Axiom 10: The outcome of the perfect language consists of pattern rings ordered on increasing (yet undefined) complexity. To avoid repetition pattern rings must be ‘prime’ = Pattern rings that can be constructed using just repeating a pattern ring with a lower complexity are not allowed in the perfect language.
Creating a program that generates prime pattern rings is not difficult.
The results:
For 0 inputs: 0 (special case when information just consists of N zeros of ones)
For 1 input:
1,1
For 2 inputs:
2,2
3,1
For 3 inputs:
4,4
5,3
6,2
7,1
3,1,2,2
3,2,1,2
3,2,2,1
3,3,1,1
4,1,1,2
4,1,2,1
4,2,1,1
5,1,1,1
2,1,1,2,1,1
2,1,2,1,1,1
2,2,1,1,1,1
3,1,1,1,1,1
(For 4 bits information the pattern rings are in the attachment.)
In other words you just need 20 prime pattern rings to construct every (256 different) truth table for 3 inputs. If the perfect language starts counting at ring 0 and loops through every ring with every possible rotation and polarity you have 256 different programs ordered on complexity for 8 bits of information or every small algorithm that results in 8 bits complexity.

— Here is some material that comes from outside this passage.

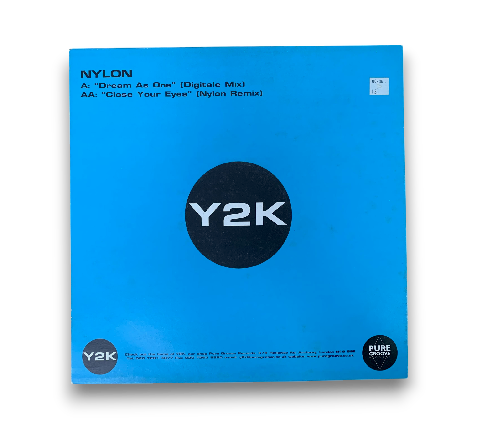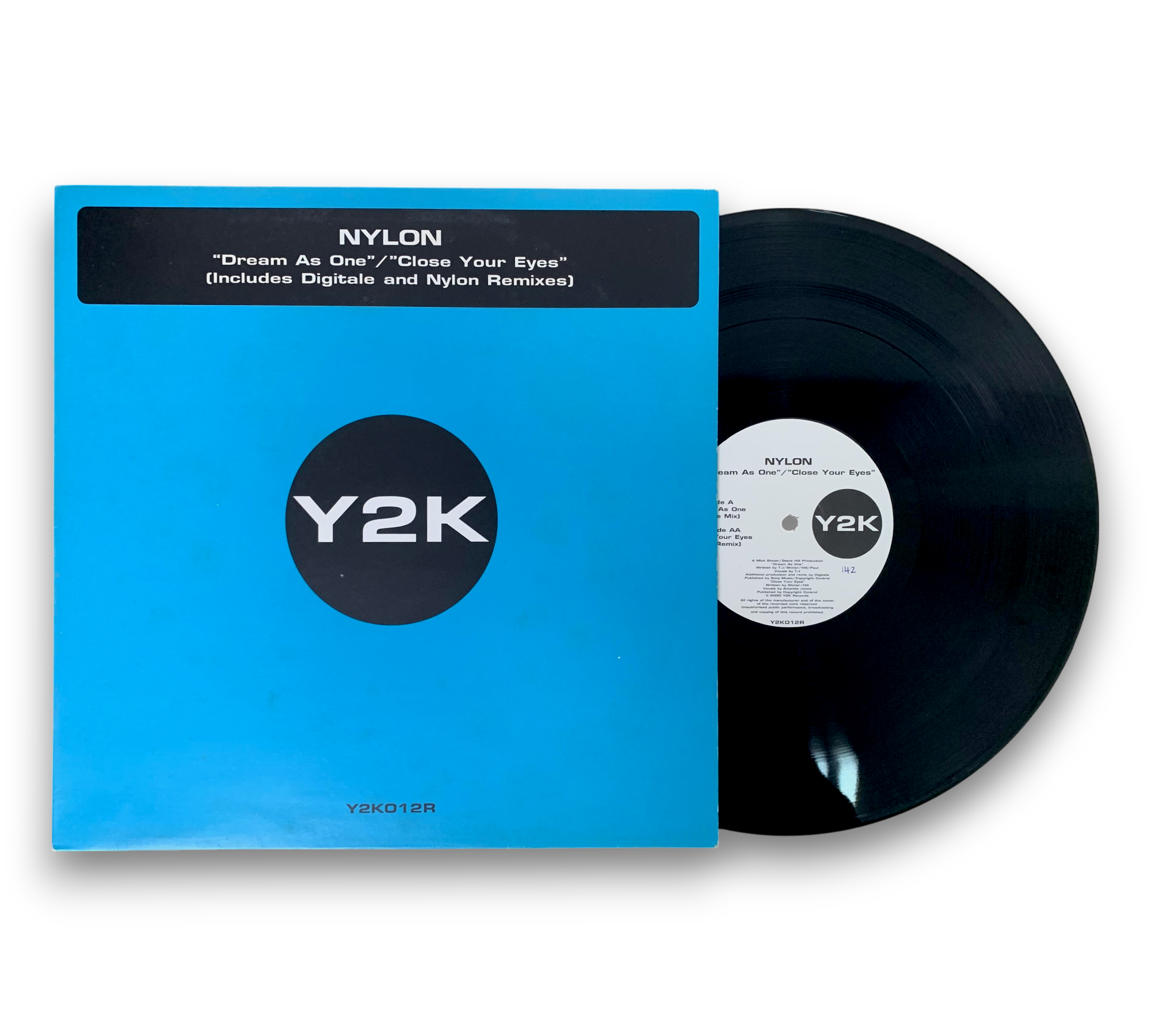 Nylon's single features the tracks "Dream As One" (Digitale Mix) and "Close Your Eyes" (Nylon Remix), showcasing a blend of electronic sounds. Released in 2000 under Y2K Records, this record is a notable addition to any collection. The packaging is visually striking with a vibrant blue cover, and the vinyl itself is in good condition. For further details regarding the condition and any included inserts, please refer to the accompanying photos.

But did we win something? For 8 bits this seems not to be the case and it does not look impressive at all. But… With axiom 5 in mind I expect that when the amount of information increases the delta between the index from the perfect language and the index of the information (when using simple counting) will on average increase. Or in other words with big pieces of real world information the expected average program index in the perfect language is increasing interestingly smaller.
But now I am stuck on generating the prime pattern rings. How do we iterate through the rings in linear time? And is it possible to find an algorithm that is not NP(P) that converts any piece of information or algorithm to a prime pattern ring? Or even better: is it possible to find an algorithm that can not only find the prime pattern ring but also the index in the perfect language?
Let's first start with finding an algorithm to generate prime pattern rings. Because it is a ring, the starting point does not matter. Also complexity order is still not defined very well, so if you find an algorithm that generates prime pattern rings in another sequence it can be that your algorithm has a better definition of complexity. Also I think the smallest possible program that generates prime pattern rings is the most correct one on the definition of complexity!